# Any idea why my 30 second jump is 60 seconds???



## 996911 (Aug 24, 2006)

Title says it all. The "30 second forward" command actually fast forwards exactly 60 seconds. The button is only pressed once, the screen actually says only 1 30 seconds FFD was engaged, but moves forward 60 seconds. If I press it twice, it will confirm on screen (status bar) that the 30 second FFD has a "2" and will go forward 2 minutes! Very frustrating. Any ideas why this is happening? TIA.


----------



## dishrich (Apr 23, 2002)

Have you tried rebooting to see if that cures it???


----------



## tcusta00 (Dec 31, 2007)

Wow, that's odd. A reboot is the first thing I'd try as well.

Or you can ask AirRocker - he's really good with figuring out time issues. :grin:


----------



## Greg Alsobrook (Apr 2, 2007)

:nono:


----------



## 996911 (Aug 24, 2006)

I have reset the box and still the same thing.....60 seconds exactly for a single 30 sec FFD selection. The software is listed as the following.....0x1236 and the box is R15-100.

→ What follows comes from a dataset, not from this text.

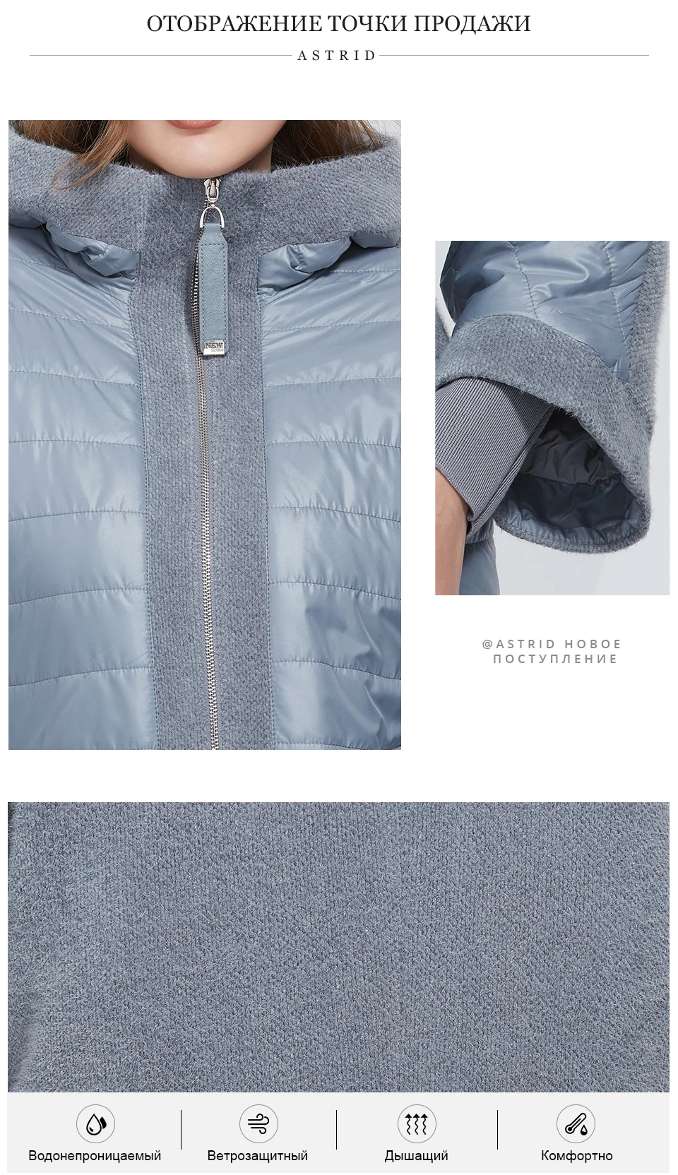Astrid 2022, весенние женские парки, большие стеганые пальто с капюшоном из норкового флиса, Женская Стеганая куртка, верхняя одежда AM-9403
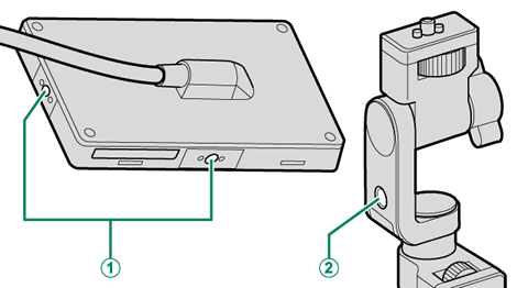 LCDモニターはカメラ本体天面やハンドルのアクセサリー取り付けネジ穴に取り付けます(aLCDモニターを取り付ける)。

Just an FYI to determine how far the box has moved is I found a program that had a timer built in as well. The show is PTI on ESPN. And sure enough, 60 seconds for every 30 sec FFD press.

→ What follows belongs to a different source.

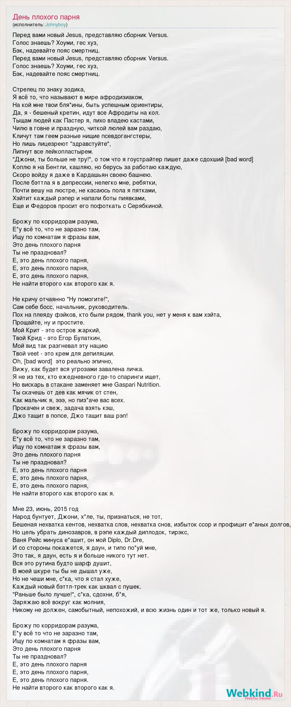 Перед вами новый Jesus, представляю сборник Versus. Голос знаешь? Хоуми, гес хуз, Бэк, надевайте пояс смертниц. Перед вами новый Jesus, представляю сборник Versus. Голос знаешь? Хоуми, гес хуз, Бэк, надевайте пояс смертниц. Стрелец по знаку зодика, Я всё то, что называют в мире афродизиаком, На кой мне твои бля*ины, быть успешным ориентиры, Да, я - бешеный кретин, идут все Афродиты на кол. Тыщам людей как Пастер я, лихо владею кастами, Чилю в говне и праздную, читкой люлей вам раздаю, Кличут там геем разные нищие псевдогангстеры, Но лишь лицезреют "здравстуйте", Липнут все лейкопластырем. "Джони, ты больше не тру!", о том что я гоустрайтер пишет даже сдохший [bad word] Коплю я на Бентли, кашляю, но берусь за работаю каждую, Скоро войду я даже в Кардашьян своею башнею. После бэттла я в депрессии, нелегко мне, ребятки, Почти вешу на люстре, не касаюсь пола я пятками, Хэйтит каждый рэпер и напали боты пиявками, Еще и Федоров просит его пофоткать с Серябкиной. Брожу по корридорам разума, Е*у всё то, что не заразно там, Ищу по комнатам я фразы вам, Это день плохого парня Ты не праздновал? Е, это день плохого парня, Е, это день плохого парня, Е, это день плохого парня, Не найти второго как второго как я. Не кричу отчаянно "Ну помогите!", Сам себе босс, начальник, руководитель. Пох на плеяду фэйков, кто были рядом, thank you, нет у меня к вам хэйта, Прощайте, ну и простите. Мой Крит - это остров жаркий, Твой Крид - это Егор Булаткин, Мой вид так разгневал эту нацию Твой veet - это крем для депиляции. Oh, [bad word] это реально эпично, Вижу, как будет вся угрозами завалена личка. Я не из тех, кто ежедневного где-то спаринги ищет, Но вискарь в стакане заменяет мне Gaspari Nutrition. Ты скачешь от дев как мячик от стен, Как мальчик я, эээ, но пиз*аче вас всех. Прокачен и свеж, задача взять кэш, Джо тащит в попсе, Джо тащит ваш рэп! Брожу по корридорам разума, Е*у всё то, что не заразно там, Ищу по комнатам я фразы вам, Это день плохого парня Ты не праздновал? Е, это день плохого парня Е, это день плохого парня, Е, это день плохого парня, Не найти второго как второго как я. Мне 23, июнь, 2015 год Народ бунтует, Джони, х*ле, ты, признаться, не тот, Бешеная нехватка кентов, нехватка слов, нехватка снов, избыток ссор и профицит е*аных долгов, Но цель убрать динозавров, в рэпе каждый диплодок, тирэкс, Ваня Рейс минуса е*ашит, он мой Diplo, Dr.Dre, И со стороны покажется, я даун, и типо по*уй мне, Это так, я даун, есть я и больше никого тут нет. Вся это рутина будто шарф душит, В моей шкуре ты бы не дышал уже, Но не чеши мне, с*ка, что я стал хуже, Каждый новый бэттл-трек как шквал с пушек. "Раньше было лучше!", с*ка, сдохни, б*я, Заряжаю всё вокруг как молния, Никому не должен, самобытный, непохожий, и всю жизнь один и тот же, только новый я. Брожу по корридорам разума, Е*у всё то что не заразно там, Ищу по комнатам я фразы вам, Это день плохого парня Ты не праздновал? Е, это день плохого парня Е, это день плохого парня, Е, это день плохого парня. Не найти второго как второго как я.

Any thoughts at this point?


----------



## 996911 (Aug 24, 2006)

anybody? 

wow, this forum really doesn't see much activity.


----------



## armophob (Nov 13, 2006)

Sounds like double tap. Do any other buttons like chan up or down do this? If a reset did not cure it then I would try to unplug the power for 5-15 min then try again.


----------



## 996911 (Aug 24, 2006)

I thought that at first but it's not a double tap. Good thought though as I have done that in the past.


----------



## davring (Jan 13, 2007)

996911 said:


> anybody?
> 
> wow, this forum really doesn't see much activity.

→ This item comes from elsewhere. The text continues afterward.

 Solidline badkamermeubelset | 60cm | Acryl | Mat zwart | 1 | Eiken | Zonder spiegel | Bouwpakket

This forum see a lot of activity, but I think most people, as I am, are stumped. I have an R15 and didn't even know it was capable of a 30 second skip, I thought it was available only on the HR's. I'll go out to my shop and test it later and post back.

Bob has a good point, can you try another remote?


----------



## PicaKing (Oct 8, 2006)

Inflation??? Everything is going up these days......


----------



## psweig (Feb 4, 2006)

??? I don't get a timeline with 30skip, I have no idea whether it's 30 seconds or not. There have been anomalies with it in the past, though.


----------



## 996911 (Aug 24, 2006)

A few more pieces of info.......

*Most update software
*Reset receiver
*Have a timeline display
*Get on-screen confirmation that 30 sec skip has been engaged for 1 selection
*Moves forward 60 seconds
*Have on-screen program timing verification
*Have tried 4 remotes (2 D* remotes and 2 URC RF remotes)
*Have consumed a few beers to help me through this tough time 

Other than clicking my heels 3x (6 if I am using my R15 :lol: ) I am at a loss.......


----------



## armophob (Nov 13, 2006)

996911 said:


> A few more pieces of info.......
> 
> *Most update software
> *Reset receiver
> ...


Did you try to unplug the power yet?


----------



## 996911 (Aug 24, 2006)

How is that different than a reset? Does it do anything to recorded shows...like erase them? Thanks for the input.


----------



## Billzebub (Jan 2, 2007)

I have the same problem with my R15. They don't seem to put much effort into this box. I think the R15s are becoming obselete as the new R22s use the same software as the HR2Xs.
Anyway, 1 push, skip forward 60 seconds. Since this is the third receiver in a 2 person house it doesn't bother me much.


----------



## armophob (Nov 13, 2006)

996911 said:


> How is that different than a reset? Does it do anything to recorded shows...like erase them? Thanks for the input.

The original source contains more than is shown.